▸ **Directions**
Write the entries below out again exactly, but skip the pictures.

[Records drawn from a dataset]
------------------------

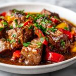 This Best Ever Pepper Steak Recipe features tender beef stew meat simmered with colorful bell peppers, garlic, and a savory blend of stewed tomatoes, beef broth, and Worcestershire sauce. Prepared with a simple sear and slow-cooked to perfection in a Crockpot, this dish delivers rich flavors and melt-in-your-mouth tenderness, making it an ideal comforting meal for any occasion.
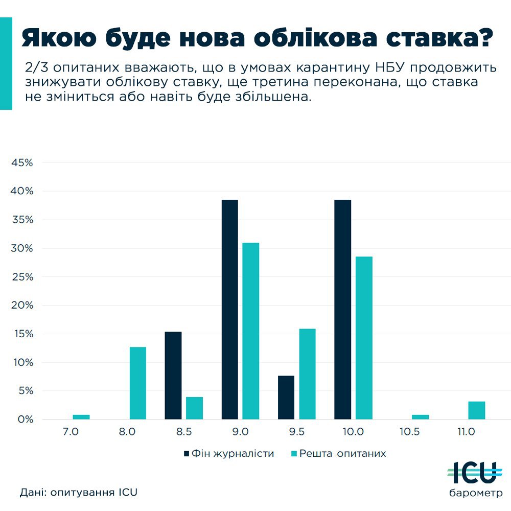 Перша в історії України облікова ставка в умовах карантину, на думку фінансової спільноти, буде зменшена. В цьому переконана більшість учасників #ICUбарометр, як серед профільних журналістів, так і серед усіх опитаних. Переважно очікують помірного зниження (0.5-1 в.п).
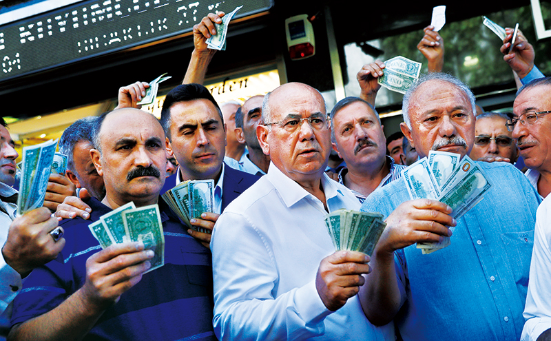 2018年,由于美聯(lián)儲(chǔ)加息導(dǎo)致國際游資大規(guī);亓,美國對土耳其、伊朗進(jìn)行制裁以及貿(mào)易保護(hù)主義的影響,俄羅斯、阿根廷、土耳其、南非等不少經(jīng)濟(jì)體貨幣遭遇大幅貶值。圖為2018年8月14日,在土耳其首都安卡拉,人們響應(yīng)政府號(hào)召,手持美元站在貨幣兌換處前,出售手中的美元支持本國貨幣里拉。 新華社/路透
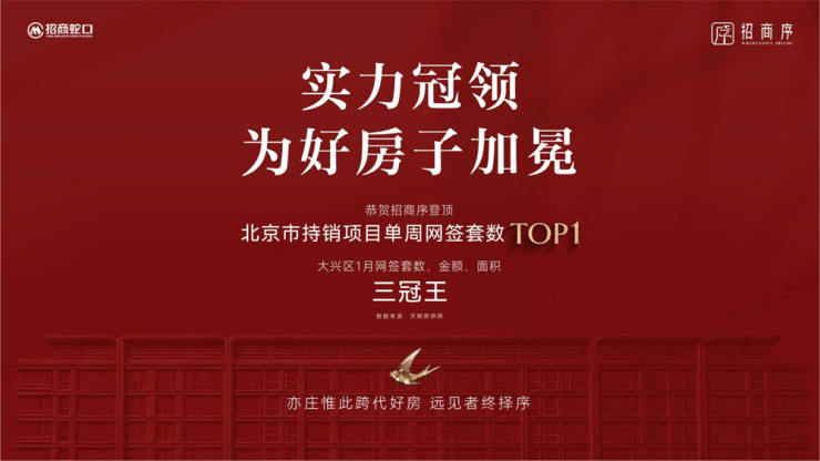 风起之时,方见韧草;时间沉淀,终识真金。北京市单周网签套数top1与区域1月网签套数金额面积三冠王,不仅是一份市场成绩单,更是对招商序“跨代好房”标杆的最有力加冕。
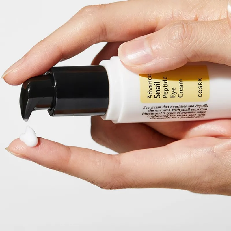 Après votre nettoyage, tonique, l’essence Advanced Snail 96, la crème hydratante tout-en-un sur l’ensemble du visage, tapotez doucement la crème de contour des yeux tout autour de l’œil.
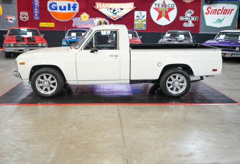 This 1977 Mazda Rotary Pickup is a rare and exciting compact truck powered by a 1.3L 13B twin rotor Wankel engine paired to a 5-speed manual transmission with a 3.91 rear gear ratio. It features power brakes, front disc brakes, and rear drum brakes, making it both responsive and fun to drive. The white exterior paint is paired with a striking black vinyl interior with white houndstooth inserts. Upgrades include a QFT 4-barrel carburetor, electric fuel pump, and 16" MB Motoring wheels wrapped in Hankook Ventus V2 Concept 2 tires. A unique blend of vintage style and rotary performance.

------------------------

▸ **Task response**
 This Best Ever Pepper Steak Recipe features tender beef stew meat simmered with colorful bell peppers, garlic, and a savory blend of stewed tomatoes, beef broth, and Worcestershire sauce. Prepared with a simple sear and slow-cooked to perfection in a Crockpot, this dish delivers rich flavors and melt-in-your-mouth tenderness, making it an ideal comforting meal for any occasion.
 Перша в історії України облікова ставка в умовах карантину, на думку фінансової спільноти, буде зменшена. В цьому переконана більшість учасників #ICUбарометр, як серед профільних журналістів, так і серед усіх опитаних. Переважно очікують помірного зниження (0.5-1 в.п).
 2018年,由于美聯(lián)儲(chǔ)加息導(dǎo)致國際游資大規(guī);亓,美國對土耳其、伊朗進(jìn)行制裁以及貿(mào)易保護(hù)主義的影響,俄羅斯、阿根廷、土耳其、南非等不少經(jīng)濟(jì)體貨幣遭遇大幅貶值。圖為2018年8月14日,在土耳其首都安卡拉,人們響應(yīng)政府號(hào)召,手持美元站在貨幣兌換處前,出售手中的美元支持本國貨幣里拉。 新華社/路透
 风起之时,方见韧草;时间沉淀,终识真金。北京市单周网签套数top1与区域1月网签套数金额面积三冠王,不仅是一份市场成绩单,更是对招商序“跨代好房”标杆的最有力加冕。
 Après votre nettoyage, tonique, l’essence Advanced Snail 96, la crème hydratante tout-en-un sur l’ensemble du visage, tapotez doucement la crème de contour des yeux tout autour de l’œil.
 This 1977 Mazda Rotary Pickup is a rare and exciting compact truck powered by a 1.3L 13B twin rotor Wankel engine paired to a 5-speed manual transmission with a 3.91 rear gear ratio. It features power brakes, front disc brakes, and rear drum brakes, making it both responsive and fun to drive. The white exterior paint is paired with a striking black vinyl interior with white houndstooth inserts. Upgrades include a QFT 4-barrel carburetor, electric fuel pump, and 16" MB Motoring wheels wrapped in Hankook Ventus V2 Concept 2 tires. A unique blend of vintage style and rotary performance.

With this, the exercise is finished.